▶ What you need to do
All records below are to be duplicated exactly, with every picture excluded.

*** Record set ***

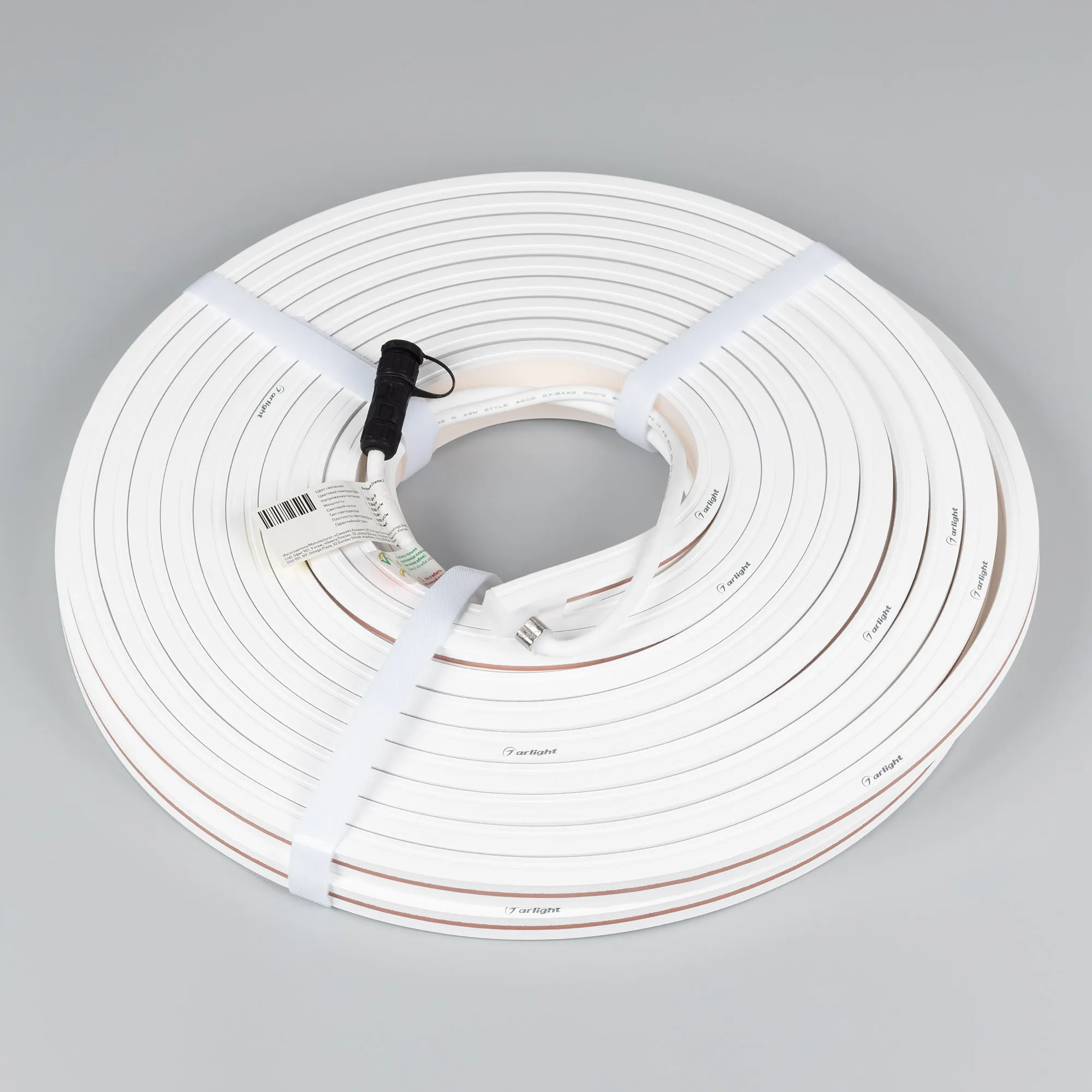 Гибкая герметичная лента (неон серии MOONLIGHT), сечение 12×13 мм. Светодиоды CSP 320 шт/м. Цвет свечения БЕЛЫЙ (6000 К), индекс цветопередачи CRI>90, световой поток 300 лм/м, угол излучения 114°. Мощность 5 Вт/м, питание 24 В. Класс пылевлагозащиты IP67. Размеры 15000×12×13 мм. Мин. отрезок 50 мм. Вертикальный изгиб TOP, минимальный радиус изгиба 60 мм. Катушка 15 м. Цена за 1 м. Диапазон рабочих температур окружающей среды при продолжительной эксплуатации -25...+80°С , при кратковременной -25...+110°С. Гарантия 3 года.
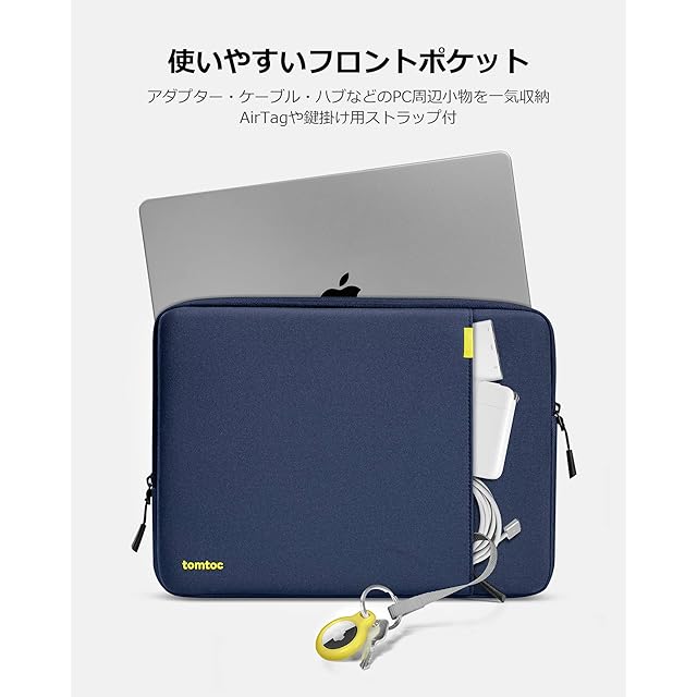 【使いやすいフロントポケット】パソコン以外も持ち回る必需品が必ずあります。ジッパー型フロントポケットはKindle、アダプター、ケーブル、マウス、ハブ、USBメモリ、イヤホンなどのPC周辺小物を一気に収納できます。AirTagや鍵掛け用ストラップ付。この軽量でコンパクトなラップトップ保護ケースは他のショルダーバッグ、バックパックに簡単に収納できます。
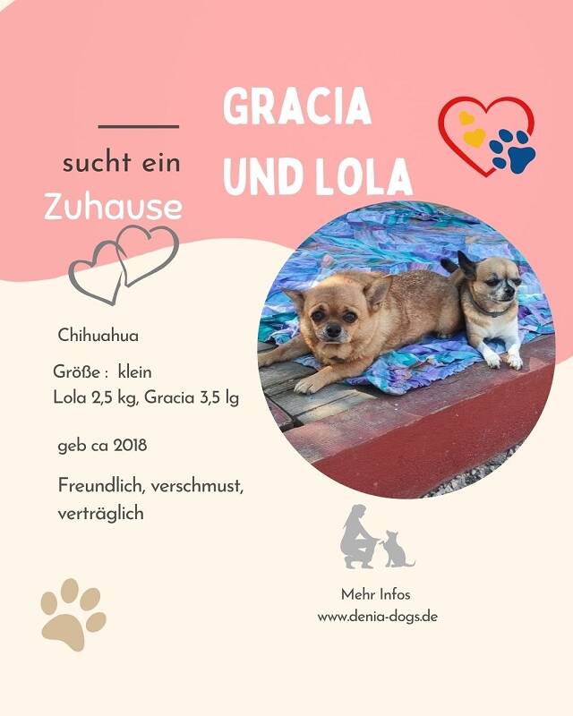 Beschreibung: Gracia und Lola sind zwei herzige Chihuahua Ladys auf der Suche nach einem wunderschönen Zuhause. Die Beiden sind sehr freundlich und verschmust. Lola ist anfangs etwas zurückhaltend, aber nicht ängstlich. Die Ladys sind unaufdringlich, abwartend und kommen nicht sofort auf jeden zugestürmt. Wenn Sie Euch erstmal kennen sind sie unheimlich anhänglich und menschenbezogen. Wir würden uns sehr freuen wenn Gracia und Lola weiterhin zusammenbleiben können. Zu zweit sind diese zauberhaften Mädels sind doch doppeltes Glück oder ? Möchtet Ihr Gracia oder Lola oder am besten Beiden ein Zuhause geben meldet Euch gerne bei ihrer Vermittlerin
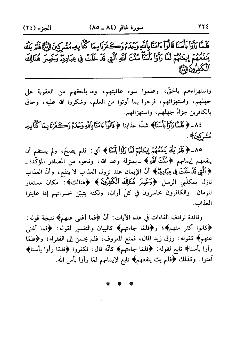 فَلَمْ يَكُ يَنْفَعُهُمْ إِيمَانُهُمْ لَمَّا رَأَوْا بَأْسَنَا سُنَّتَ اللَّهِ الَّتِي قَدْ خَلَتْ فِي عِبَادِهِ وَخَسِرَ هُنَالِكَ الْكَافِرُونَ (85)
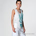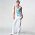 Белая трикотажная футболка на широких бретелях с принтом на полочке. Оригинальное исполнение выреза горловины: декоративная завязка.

***

▶ Task result
 Гибкая герметичная лента (неон серии MOONLIGHT), сечение 12×13 мм. Светодиоды CSP 320 шт/м. Цвет свечения БЕЛЫЙ (6000 К), индекс цветопередачи CRI>90, световой поток 300 лм/м, угол излучения 114°. Мощность 5 Вт/м, питание 24 В. Класс пылевлагозащиты IP67. Размеры 15000×12×13 мм. Мин. отрезок 50 мм. Вертикальный изгиб TOP, минимальный радиус изгиба 60 мм. Катушка 15 м. Цена за 1 м. Диапазон рабочих температур окружающей среды при продолжительной эксплуатации -25...+80°С , при кратковременной -25...+110°С. Гарантия 3 года.
 【使いやすいフロントポケット】パソコン以外も持ち回る必需品が必ずあります。ジッパー型フロントポケットはKindle、アダプター、ケーブル、マウス、ハブ、USBメモリ、イヤホンなどのPC周辺小物を一気に収納できます。AirTagや鍵掛け用ストラップ付。この軽量でコンパクトなラップトップ保護ケースは他のショルダーバッグ、バックパックに簡単に収納できます。
 Beschreibung: Gracia und Lola sind zwei herzige Chihuahua Ladys auf der Suche nach einem wunderschönen Zuhause. Die Beiden sind sehr freundlich und verschmust. Lola ist anfangs etwas zurückhaltend, aber nicht ängstlich. Die Ladys sind unaufdringlich, abwartend und kommen nicht sofort auf jeden zugestürmt. Wenn Sie Euch erstmal kennen sind sie unheimlich anhänglich und menschenbezogen. Wir würden uns sehr freuen wenn Gracia und Lola weiterhin zusammenbleiben können. Zu zweit sind diese zauberhaften Mädels sind doch doppeltes Glück oder ? Möchtet Ihr Gracia oder Lola oder am besten Beiden ein Zuhause geben meldet Euch gerne bei ihrer Vermittlerin
 فَلَمْ يَكُ يَنْفَعُهُمْ إِيمَانُهُمْ لَمَّا رَأَوْا بَأْسَنَا سُنَّتَ اللَّهِ الَّتِي قَدْ خَلَتْ فِي عِبَادِهِ وَخَسِرَ هُنَالِكَ الْكَافِرُونَ (85)
 Белая трикотажная футболка на широких бретелях с принтом на полочке. Оригинальное исполнение выреза горловины: декоративная завязка.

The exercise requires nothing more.